ARIES (March 21-April 19): I love it when you forget all your troubles and get lost in thoughts about your friends' problems. I love it when you place your entire focus on the heat steaming from your cup of coffee or on the sun reflecting on a puddle or on the mysterious expression gracing the face of a stranger. In fact I love it whenever you prove how much you love being here on earth by taking your attention off yourself, and giving it to everything else. The coming week will be a perfect time to specialize in this consummate art.
TAURUS (April 20-May 20): Hunters recently killed a 50-ton
whale off the coast of Alaska. While cutting it apart back on shore, they found
a metal projectile lodged in its blubber from an older attack. Later research
revealed it had been manufactured around 1890. That means the whale was at
least 115 years old, and had been carrying around the projectile for over a
century. I bring this to your attention, Taurus, in the hope that it will
inspire you to meditate on your own ancient wound. When you pass on to the next
world many years from now, I'd hate for you to still be infected with the hurt
that befell you in your youth. It's an ideal time to take aggressive corrective
action. Heal it!
GEMINI (May 21-June 20): "Reality is that which when you stop believing in it, it doesn't go away," wrote novelist Philip K. Dick. I urge you to apply that benchmark to your own experience in the coming week, Gemini. You can generate a lot of creative energy by figuring out what is objectively true about your circumstances and what is merely illusion that's propped up by misperceptions and misunderstandings. You've got tremendous power to strip away the fantasies, both positive and negative, that are preventing you from living with 100 percent of your intelligence in the real world.

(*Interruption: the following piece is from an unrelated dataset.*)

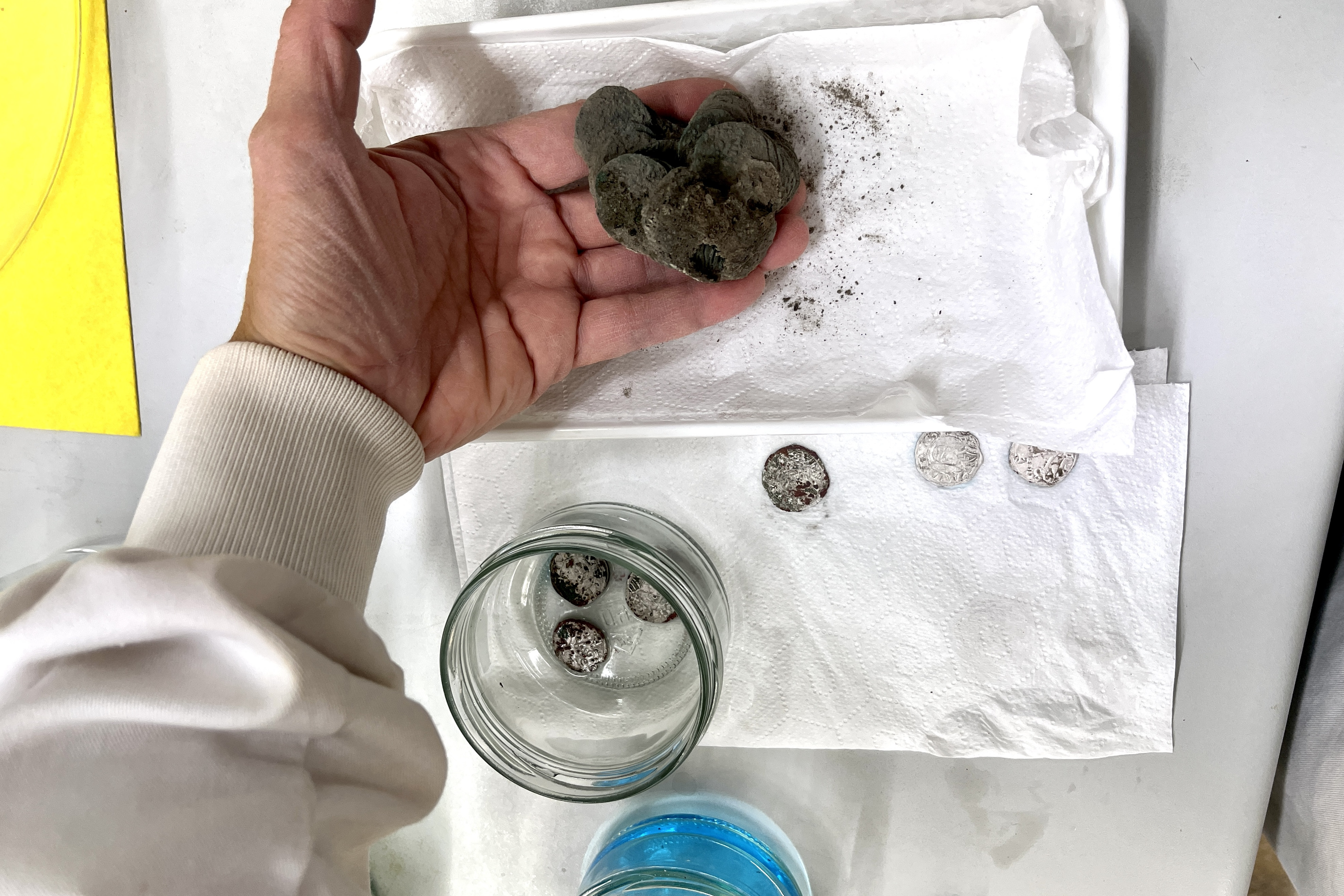 Les peces que les especialistes de la Universitat de Lleida han pogut desempolsegar fins el moment són iguals a algunes recuperades a l'antic call jueu de Lleida i que va netejar el mateix laboratori. Potser entre les que queden per rentar n'hi ha d'altres datacions, però caldrà esperar. "L'oxidació del coure fa que les peces siguin molt fines i això dificulta la seua restauració", afegeix Prats. El material que ha arribat al laboratori de la UdL inclou les restes del recipient de ceràmica i fragments del teixit de l'antiga bossa.

CANCER (June 21-July 22): Wealthy playboy Lapo Elkann is one of Italy's most eligible bachelors. But he told W magazine that if he ever decides to tie the knot, he would choose an Israeli woman. "For them, every day is a beautiful day," he said. "Because when you are in a climate of war, you take nothing for granted." Your next assignment, Cancerian, is not to put yourself in a battle zone, but rather to cultivate love with the same intense ingenuity and inexhaustible resourcefulness you might if you were living in a battle zone.
LEO (July 23-Aug. 22): Stories interest me more than beliefs. I'd rather hear you regale me with tales of your travels than listen to you recite your dogmas. Filmmaker Ken Burns agrees with me. He's worried about the increasing number of people who love theories more than stories. "We are experiencing the death of narrative," he told the San Francisco Chronicle. "We are all so opinionated that we don't actually submit to narrative anymore. That's the essence of YouTube: Abbreviate everything into a digestible capsule that then becomes the conventional wisdom, which belies the experience of art." Your assignment, Leo, is to help reverse this soul-damaging trend. Spout fewer opinions and tell more stories. Encourage others to do the same.